Heterogeneous Single-Atom Catalysts for Carbon Dioxide Reduction to Chemicals

The SACforCO2 project has been dedicated to developing innovative single-atom catalysts (SACs) for synthetic chemistry. This research has addressed a fundamental challenge in catalysis: designing stable and efficient active sites at the atomic scale to maximize performance while minimizing precious metal usage. By integrating advanced molecular design, in-depth spectroscopic characterization, and computational modeling, the project has explored the interplay between catalyst structure and reactivity, aiming to establish a new paradigm for sustainable chemical transformations. The focal point has been the synthesis of Pd1@TRIDAP, a new palladium-based SAC supported on a pyridine-triazine framework, which offers a unique platform for tuning catalytic properties through ligand engineering and electronic control. This work aligns with the broader vision of developing catalysts that not only enhance efficiency but also enable a shift toward electrification and modular chemical production, supporting the EU Green Deal's goal of decarbonizing industrial processes.

A key achievement of the project has been the synthesis of Pd1@TRIDAP, which combines precision catalyst design with scalable synthetic strategies. The catalyst was successfully prepared via an organoligand-based polymerization process, ensuring atomic dispersion and site isolation of palladium centers within a well-defined organic matrix. Advanced spectroscopic techniques, including XPS, XAS, and TEM, confirmed the structural integrity and electronic environment of the active sites, while DFT calculations provided insight into their stability and mechanistic role in catalytic processes. The application of Pd1@TRIDAP in C–C coupling and CO2 valorization has demonstrated unprecedented selectivity and recyclability, with experimental findings corroborated by first-principles modeling. In particular, the catalyst has enabled the self-cascade Suzuki coupling reaction, eliminating the need for intermediate purification and setting the stage for more complex tandem catalytic transformations. Furthermore, its implementation in one-pot pharmaceutical synthesis highlights its versatility in constructing bioactive molecules under streamlined reaction conditions. These results have suggested a broader potential for SACs in fine chemical and pharmaceutical manufacturing, in order to bridge the gap between fundamental research and industrial application.
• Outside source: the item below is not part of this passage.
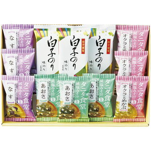 ●商品名/タニタ食堂監修減塩みそ汁・白子のり詰合せ ST-20●商品内容/タニタ食堂監修減塩みそ汁(あおさ・オクラとめかぶ・なす)・白子のり味のり(8切5枚)×各2●箱サイズ/約23×21.5×4cm●アレルゲン/小麦・えび●重量/約...

The project's impact extends beyond catalyst design, contributing to the development of integrated catalytic systems that could reshape the landscape of synthetic chemistry. By demonstrating a modular and highly tunable platform, SACforCO2 lays the foundation for future research into adaptive and multifunctional catalysts capable of operating under tunable chemical conditions. The ability to rationally control reaction pathways at the atomic level opens opportunities for expanding the concept of SACs to new classes of reactions, such as asymmetric transformations and selective C–H activation, thereby broadening the scope of green synthetic methodologies. The economic implications of this work are significant, as the technology offers a pathway to reducing the dependence on bulk precious metals while enhancing catalytic efficiency. Discussions with industrial partners indicate strong interest in the potential scale-up and commercialization of these systems, provided that further optimizations and long-term stability assessments are conducted. To accelerate the transition from laboratory-scale discoveries to industrial implementation, efforts are now focused on integrating SACs into continuous-flow reactors, optimizing their performance in real-world operating environments, and refining synthetic protocols to enhance cost-effectiveness.